Claudia Nicholson has been announced as the 2017 Create NSW and Artspace Fellow for emerging artists.
As one of the nation’s oldest awards, the Fellowship aims to provide emerging artists with opportunities for professional development and to showcase their work.
Inherent in Nicholson’s work is a desire to connect to heritage.
As a Colombian-born Australian artist, her practice often explores belonging and separation from homeland. For the 2017 Fellowship, she has created two traditional Columbian silletas, wearable objects made with a selection of fresh flowers that have historically been used to transport goods and people. In Don’t Let Me Down Let Me Down, Nicholson takes up these histories of power and labour and places them in a new context.
Speaking to Art Guide earlier this year, Nicholson described her mode of documenting culture. “Maybe I bend what is already there? I would say I conflate different aspects of Latin American culture and rearrange them to create a new narrative that talks to my own experience and hopefully the experience of other people from diasporic communities.”
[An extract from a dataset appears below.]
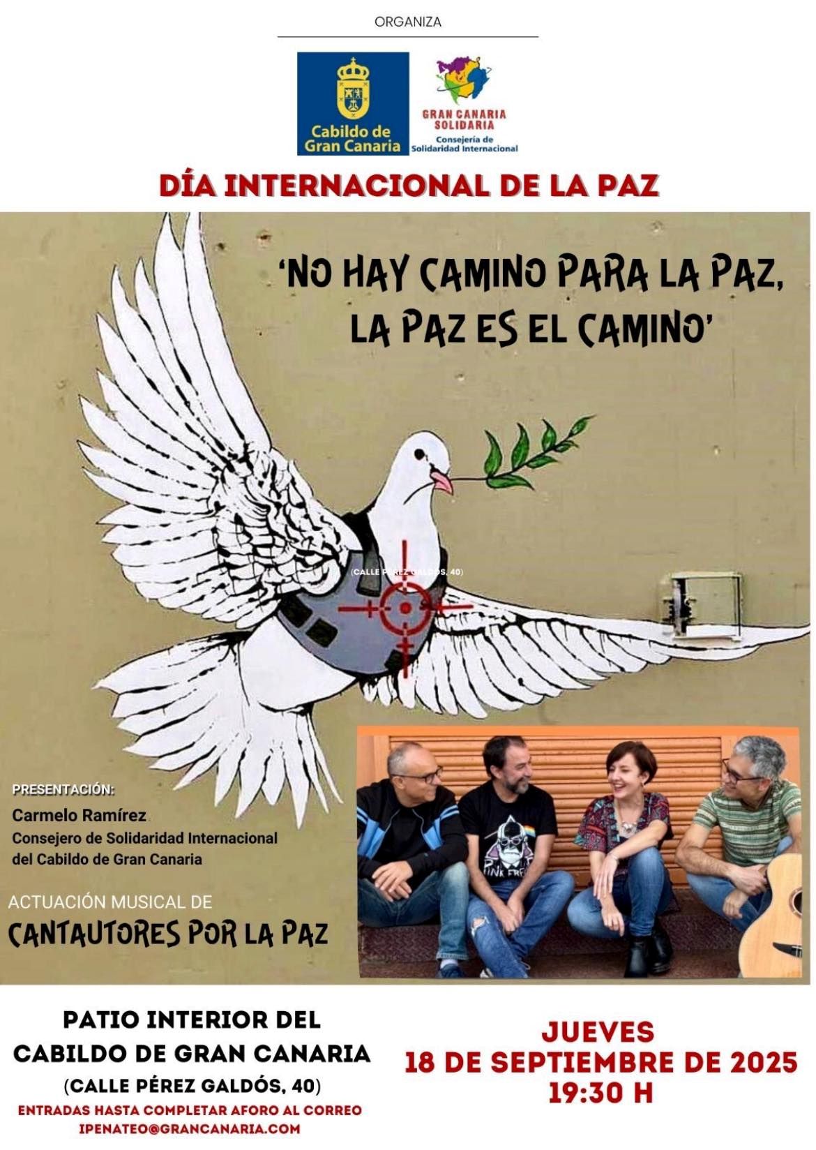Así lo vivimos el jueves 18 de septiembre en el Patio del Cabildo de Gran Canaria, en el marco del Día Internacional de la Paz, con el concierto de Cantautores por la Paz. Las voces de Sara Brito, Daniel Cano, José Artiles, Domingo Quintana Rivero y la percusión vibrante de Frankie Sosa llenaron el espacio de poesía, ternura y rebeldía. La música, ese idioma universal, se convirtió en un puente que une la dignidad de los pueblos con la certeza de que otro mundo es posible.

With the $30,000 prize money supporting a self-directed program of professional development, Nicholson will travel to Mexico and the USA for three months, where she plans to attend various religious and secular cultural festivals to inform research of pre-Columbian ceramics and Chicanx art and culture.
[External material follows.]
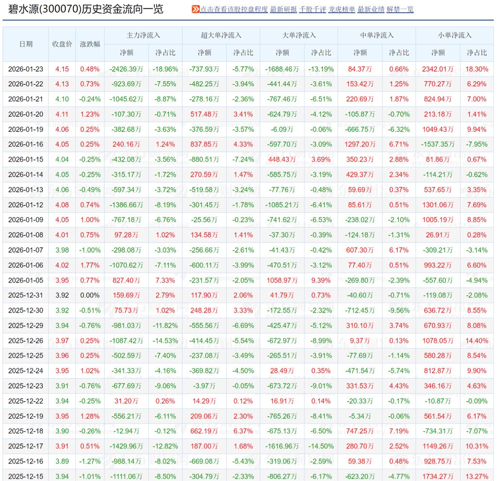 $碧水源(SZ300070)$ 28天!有22天主力和大股东净流出!特别是今天流出这么多!!!他们如果不这样!股价怎么会一直停留在谷底!!!

The shortlist of 2017 Fellowship artists includes: Fernando do Campo, Emma Fielden, Ashleigh Garwood, Spence Messih, Claudia Nicholson, Emily Parsons-Lord, Jason Phu, Shan Turner-Carroll and Louise Zang.
The exhibition has been co-curated by Artspace curator Talia Linz, curatorial assistant Lola Pinder and executive director Alexie Glass-Kantor.
2017 NSW Visual Arts Emerging Fellowship
Artspace
9 November – 9 December
Artist Talks: 2017 NSW Visual Arts Emerging Fellowship Recipient and Finalists in conversation with curators Talia Linz, Lola Pinder and Alexie Glass-Kantor.